Give an exact copy of the data that follows, but none of its pictures.

*** Opening of EXERCISE DATA ***

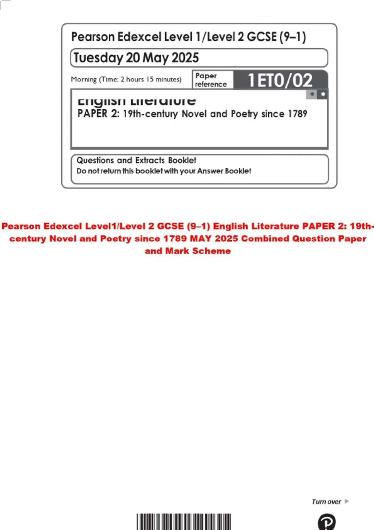 Pearson Edexcel Level1/Level 2 GCSE (9–1) English Literature PAPER 2: 19thcentury Novel and Poetry since 1789 MAY 2025 Combined Question Paper and Mark Scheme
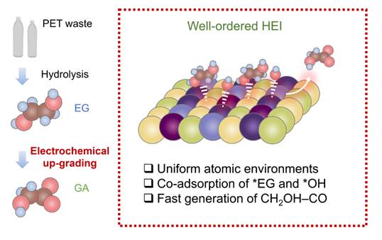 图1 长程有序高熵金属间催化剂用于废旧塑料升级设计理念
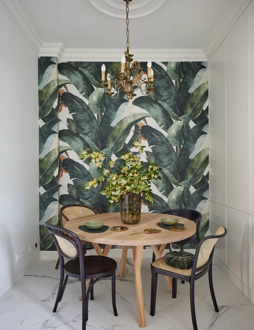 Za pomocą wzorzystej, efektownej tapety w liście bananowca oddzielono wizualnie jadalnię od kuchni. Okrągły, dębowy stół otaczają modne krzesła z rattanową plecionką. W wąskiej przestrzeni udało się zmieścić także płytką zabudowę ukrywającą grzejnik oraz słupek. Dzięki frontom szafek nawiązującym do sztukaterii szafa przypomina panele boazeryjne i doskonale pasuje do wnętrza mieszkania. Kuchnię cechuje przytulność i minimalizm. Dzięki braku górnej zabudowy pomieszczenie wydaje się lżejsze, jaśniejsze i bardziej przestronne.

*** Close of EXERCISE DATA ***

> RESPONSE AREA:
 Pearson Edexcel Level1/Level 2 GCSE (9–1) English Literature PAPER 2: 19thcentury Novel and Poetry since 1789 MAY 2025 Combined Question Paper and Mark Scheme
 图1 长程有序高熵金属间催化剂用于废旧塑料升级设计理念
 Za pomocą wzorzystej, efektownej tapety w liście bananowca oddzielono wizualnie jadalnię od kuchni. Okrągły, dębowy stół otaczają modne krzesła z rattanową plecionką. W wąskiej przestrzeni udało się zmieścić także płytką zabudowę ukrywającą grzejnik oraz słupek. Dzięki frontom szafek nawiązującym do sztukaterii szafa przypomina panele boazeryjne i doskonale pasuje do wnętrza mieszkania. Kuchnię cechuje przytulność i minimalizm. Dzięki braku górnej zabudowy pomieszczenie wydaje się lżejsze, jaśniejsze i bardziej przestronne.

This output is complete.